TASK PROMPT →
Repeat the records below verbatim, and do not copy their pictures.

EXERCISE MATERIALS →
[Start of Attachment]

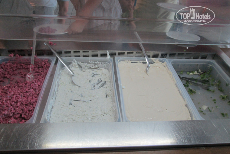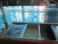 Поселили в основном корпусе. Номер двухкомнатный с кухней. Этот отель точно не 4*. Всё уже старенькое, тараканы. Но с этим можно мириться, а вот питание способно подпортить отдых очень сильно. Ездили по системе всё включено. Завтрак классический континентальный( сосиски, колбаса, странный сыр, яичница), обеды просто фастфуд -3 салата(один из капусты с мин. огурцов и помидор, второй картофель отварной с йогуртом, третий свекла отварная кубиками в йогурте), без супа (он вечером) и куриные или рыбные наггетсы, картофель фри, макароны. Ужины получше, но не всегда, например, один раз ни мяса, ни рыбы, а только куриные крылья в непонятном соусе. Почему то не было ни зелени, ни разнообразия фруктов( одни сливы, минимум арбузов и дынь), огурцы помидоры дефицит, ни оливок, ни сыра(только на завтрак сыр со вкусом дешевого маргарина). Если продукты заканчивались, то их могли и не пополнить или заменить на другие не такие качественные. Один раз на обеде закончился салат, подошла и вежливо попросила принести еще, ответили через минуту принесут.....так до конца обеда и не принесли. Вообщем за все годы наших путешествий по разным странам - это самое отвратительное питание. Для тех, кто едет по системе завтрак или полупансион - напитки только утром, ближайшее кафе в километре ходьбы.
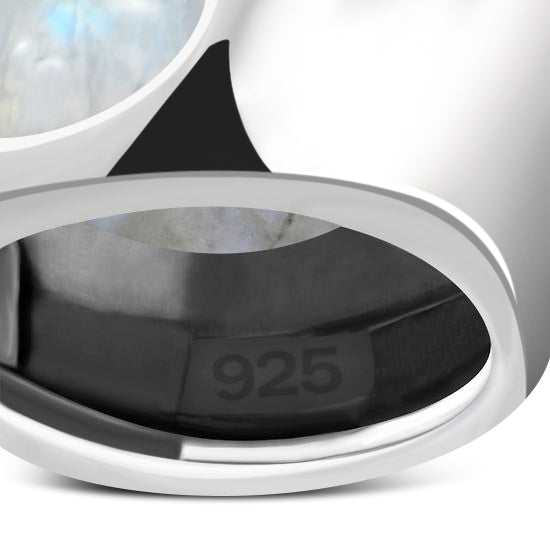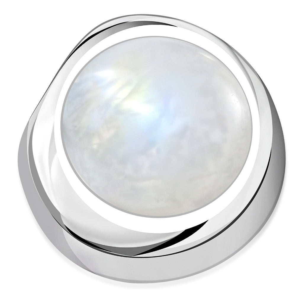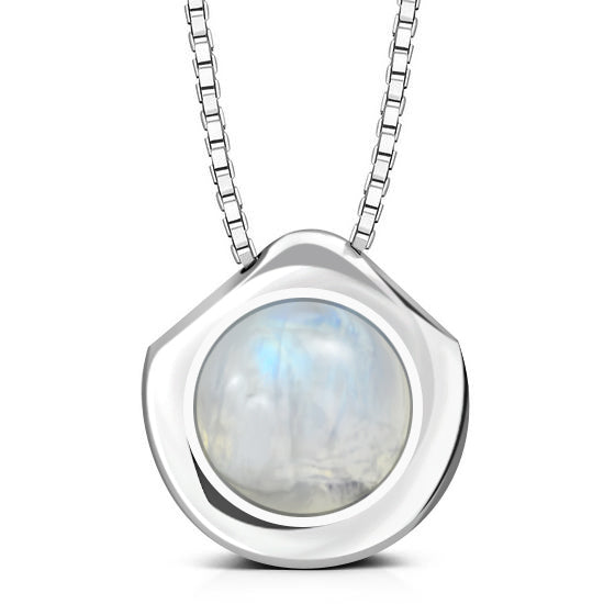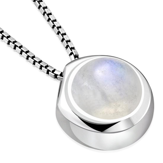 Rainbow Moonstone Round Silver Pendant
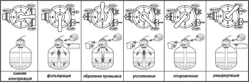 Основные режимы работы фильтровально установки бассейна:
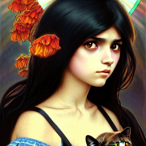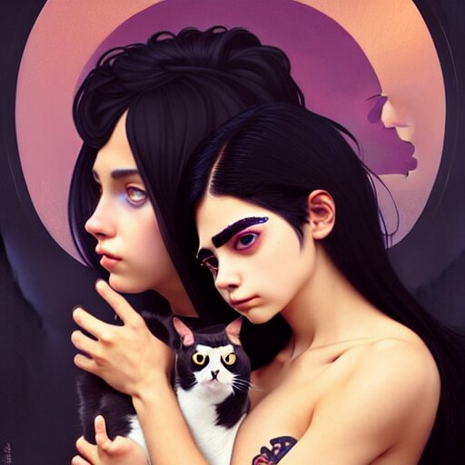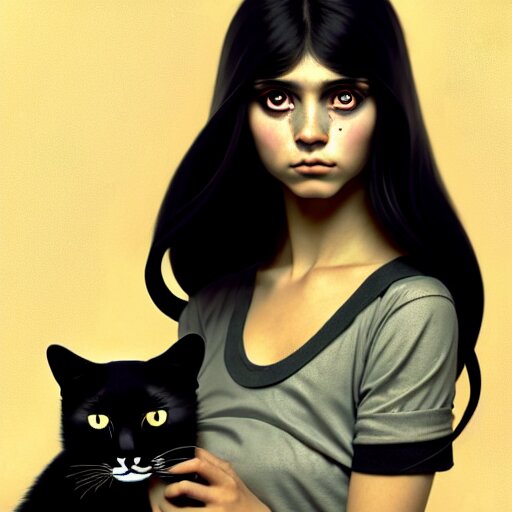 Emo mexican girl and her cat, with long dark hair, thick eyebrows!!! deep dark big shiny eyes and dark circles!, wide nose!, oval face shape, by juan villafuerte, greg rutkowski and alphonse mucha, pexels contest winner, high quality photo, rtx, hd
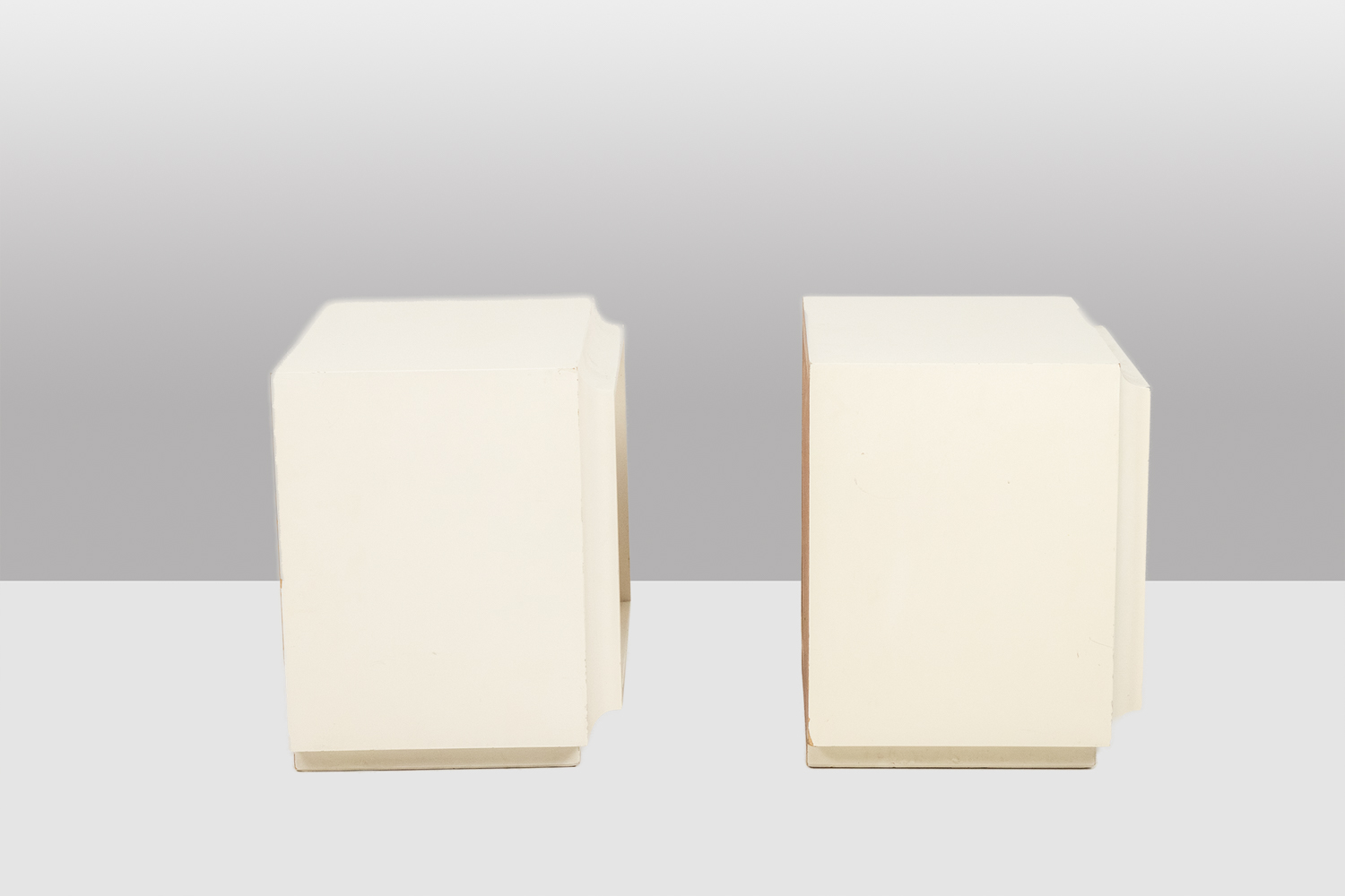 An Italian work realized in the 1970s, these bedside tables combine sculptural detailing with functional elegance, making them ideal for sophisticated contemporary or vintage interiors.

[End of Attachment]

TASK SOLUTION →
 Поселили в основном корпусе. Номер двухкомнатный с кухней. Этот отель точно не 4*. Всё уже старенькое, тараканы. Но с этим можно мириться, а вот питание способно подпортить отдых очень сильно. Ездили по системе всё включено. Завтрак классический континентальный( сосиски, колбаса, странный сыр, яичница), обеды просто фастфуд -3 салата(один из капусты с мин. огурцов и помидор, второй картофель отварной с йогуртом, третий свекла отварная кубиками в йогурте), без супа (он вечером) и куриные или рыбные наггетсы, картофель фри, макароны. Ужины получше, но не всегда, например, один раз ни мяса, ни рыбы, а только куриные крылья в непонятном соусе. Почему то не было ни зелени, ни разнообразия фруктов( одни сливы, минимум арбузов и дынь), огурцы помидоры дефицит, ни оливок, ни сыра(только на завтрак сыр со вкусом дешевого маргарина). Если продукты заканчивались, то их могли и не пополнить или заменить на другие не такие качественные. Один раз на обеде закончился салат, подошла и вежливо попросила принести еще, ответили через минуту принесут.....так до конца обеда и не принесли. Вообщем за все годы наших путешествий по разным странам - это самое отвратительное питание. Для тех, кто едет по системе завтрак или полупансион - напитки только утром, ближайшее кафе в километре ходьбы.
 Rainbow Moonstone Round Silver Pendant
 Основные режимы работы фильтровально установки бассейна:
 Emo mexican girl and her cat, with long dark hair, thick eyebrows!!! deep dark big shiny eyes and dark circles!, wide nose!, oval face shape, by juan villafuerte, greg rutkowski and alphonse mucha, pexels contest winner, high quality photo, rtx, hd
 An Italian work realized in the 1970s, these bedside tables combine sculptural detailing with functional elegance, making them ideal for sophisticated contemporary or vintage interiors.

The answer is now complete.